Siracınnûr | Otuzüçüncü Söz | 152
(131-171)

Manzûme-i şemsiyyenin, yâni şemsin me’mumları ve meyveleri olan on iki seyyarenin acâibini ilm-i muhît-i İlâhîye havale edip, yalnız gözümüzün önünde seyyaremiz bulunan arza bakıyoruz. Görüyoruz ki: Bu seyyaremiz bir azamet-i şevket-i Rubûbiyyeti ve haşmet-i saltanat-ı Ulûhiyyeti ve kemâl-i rahmeti ve hikmeti gösterir bir sûrette Güneşin etrafında, emr-i Rabbânî ile (Üçüncü Mektupta beyan edildiği gibi) pek büyük bir hizmet için bir uzun seyr ve seyehat, ona ettiriliyor. Bir sefine-i Rabbânîyye olarak acâib-i masnûât-ı İlâhîyye ile doldurulmuş ve zîşuur ibâdullaha seyrangâh gibi bir mesken-i seyyar vaziyeti verilmiş.

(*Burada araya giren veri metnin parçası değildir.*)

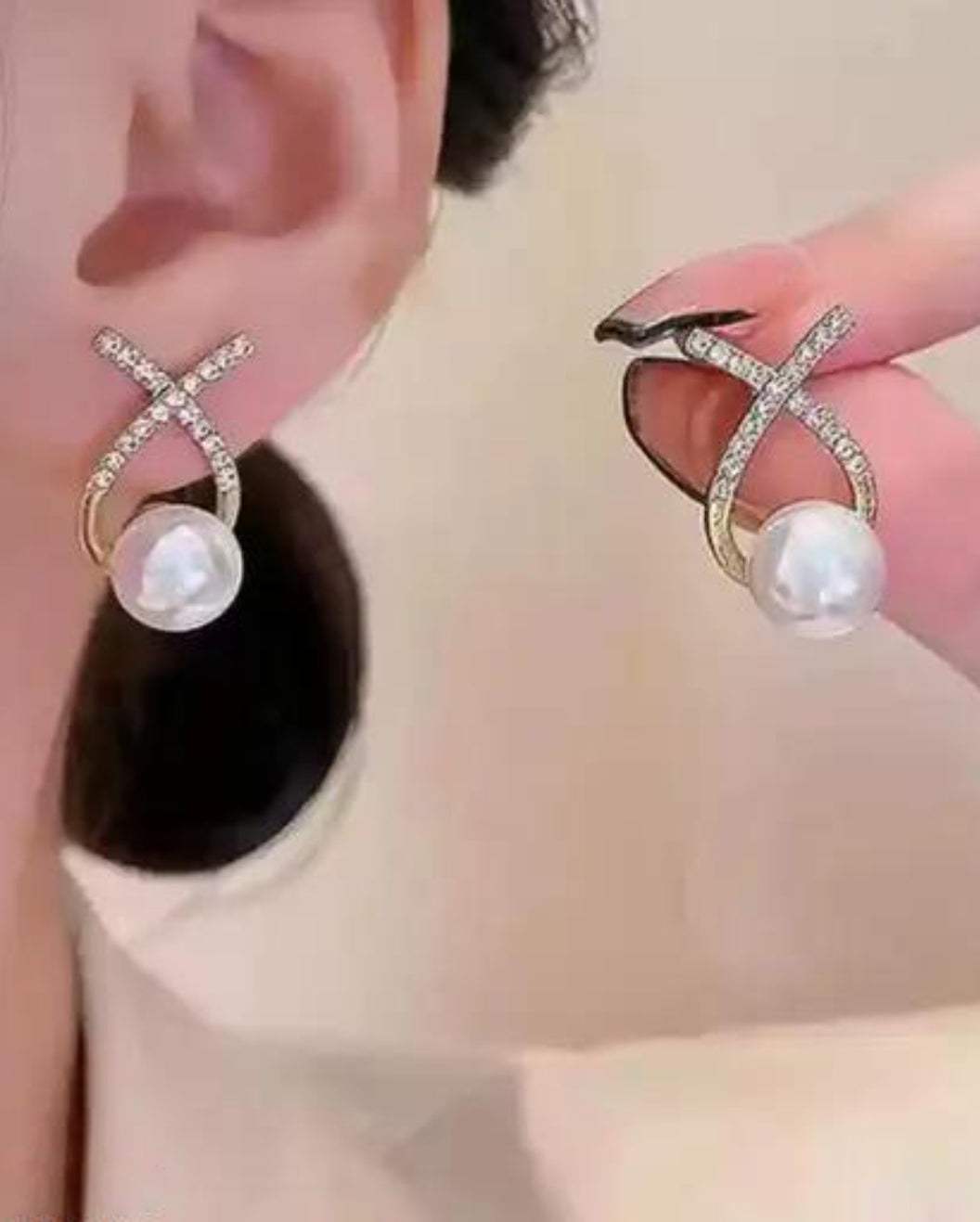 Indulge in the timeless beauty of pearls fused with a sparkling contemporary twist. These exquisite earrings feature a graceful "X" design encrusted with shimmering crystals, cradling a luminous faux pearl that adds a sophisticated finish.

Ve evkat ve hesabı bildirecek saat akrebi gibi, Kamer dahi dakik hesaplarla azîm hikmetlerle ona takılmış ve o kamere başka menzillerde ayrı seyr ve seyahat verilmiş. İşte bu mübârek seyyaremizin şu halleri küre-i arz kuvvetinde bir şehâdetle, bir Kadîr-i Mutlakın vücûb-u vücûdunu ve vahdetini isbat eder. Mâdem şu seyyaremiz böyledir. Manzûme-i şemsiyyeyi ona kıyas edebilirsin.

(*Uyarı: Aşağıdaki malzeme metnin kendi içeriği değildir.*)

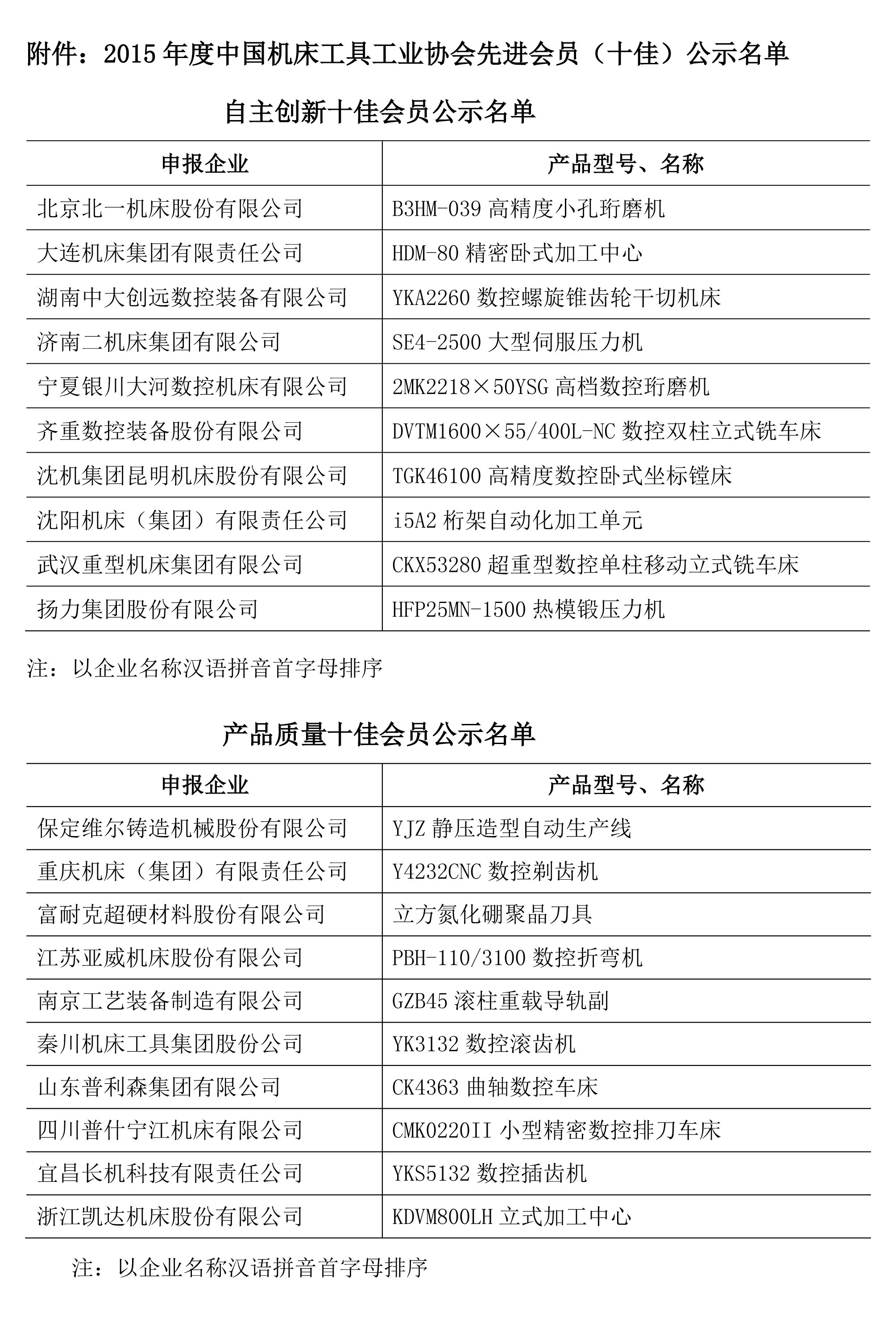 在會員企業自愿申報的基礎上,2015年度先進會員(十佳)評定工作已完成用戶應用情況核實、滿意度調查和專家綜合評審等工作程序,并產生了2015年度“自主創新十佳”、“產品質量十佳”預選獲獎企業和產品名單。根據先進會員(十佳)評定管理辦法》的規定,現將預選獲獎名單予以公示。公示期自2016324日至42日,任何單位或個人對公示名單有異議,請于公示期內以書面或電子郵件的形式提出意見。

Hem şemse, kendi mihveri üstünde câzibe denilen ma’nevî ipleri yumak yaptırmak için dolap ve çıkrık hükmünde olan Güneşi, bir Kadîr-i Zülcelâlin emriyle döndürüp, o seyyaratı o ma’nevî iplerle bağlayıp tanzim etmek ve Güneşi bütün seyyaratı ile saniyede beş saatlik bir mesafeyi kestirecek kadar bir sür’atle, bir tahmine göre “Herkül Burcu” tarafına veya Şemsü’ş-şümûs cânibine sevk etmek, elbette ezel ve ebed Sultanı olan Zât-ı Zülcelâlin kudretiyle ve emriyledir. Güya haşmet-i Rubûbiyyetini göstermek için, bu emirber neferleri hükmünde olan manzume-i şemsiyye ordusu ile bir manevra yaptırır.

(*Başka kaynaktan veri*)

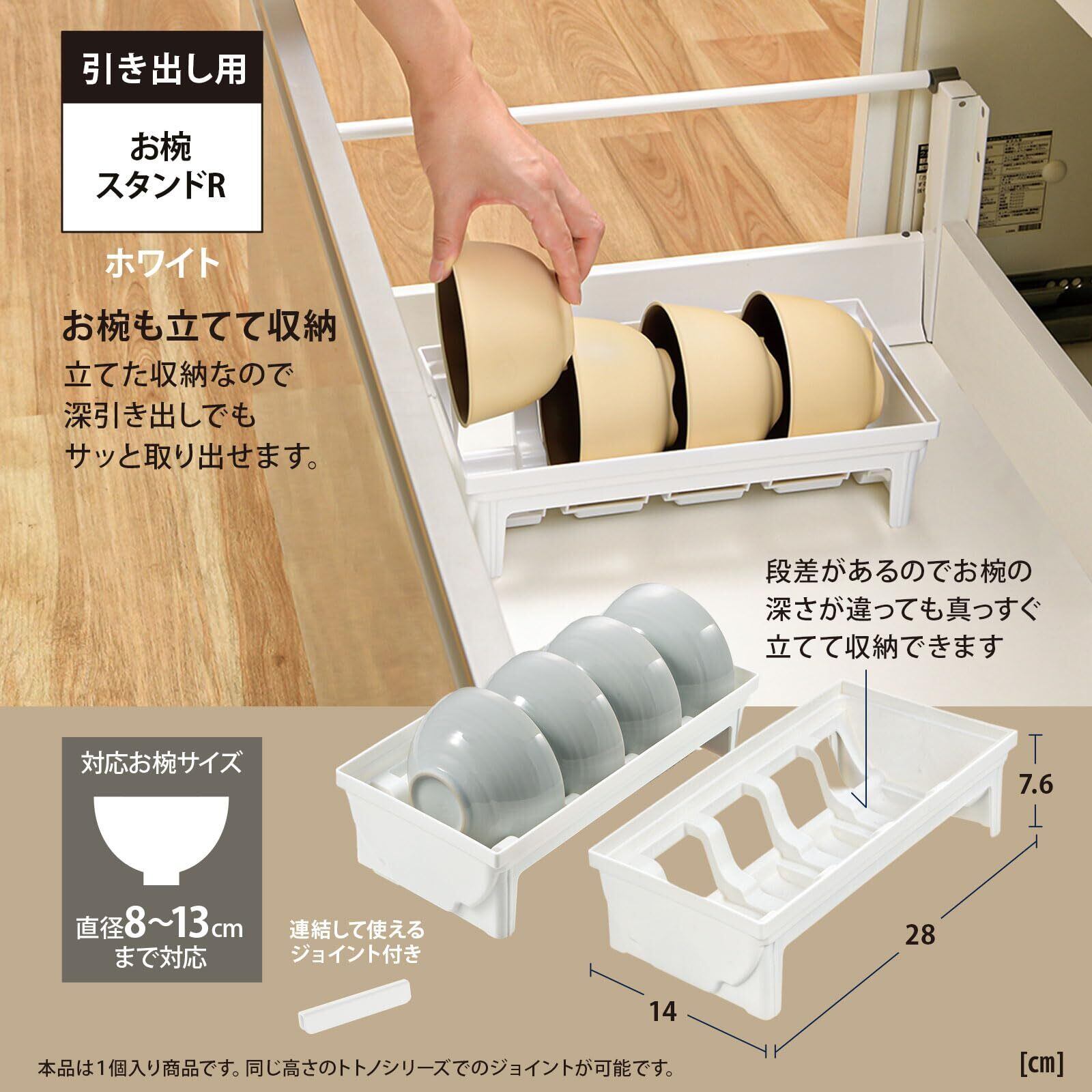 リッチェル キッチン収納 食器置き TOTONO(トトノ) 引き出し用 お椀スタンドR ホワイト 日本製 食洗機対応 取っ手 ジョイント付き 使いやすい 便利 抗菌加工 おしゃれ シンプル 収納グッズ 皿置き ケース お椀 お茶碗 ボウル 10012 | kki

Ey kozmoğrafyacı efendi! Hangi tesadüf bu işlere karışabilir! Hangi esbâbın eli buna ulaşabilir! Hangi kuvvet buna yanaşabilir!.. Haydi sen söyle. Hiç böyle bir Sultan-ı Zülcelâl, aczini gösterip mülküne başkasını karıştırır mı! Ba’husus kâinatın meyvesi, neticesi, gayesi hulâsası olan zîhayatları, başka ellere verir mi! Başkasını müdahale ettirir mi! Ba’husus o meyvelerin en câmii ve o neticelerin en mükemmeli ve zemînin halîfesi ve o sultanın âyinedar bir misafiri olan insanları başıboş bırakır mı! ve onları tabiata ve tesadüfe havale edip haşmet-i saltanatını hiçe indirir mi! Kemâl-i hikmetini sukut ettirir mi!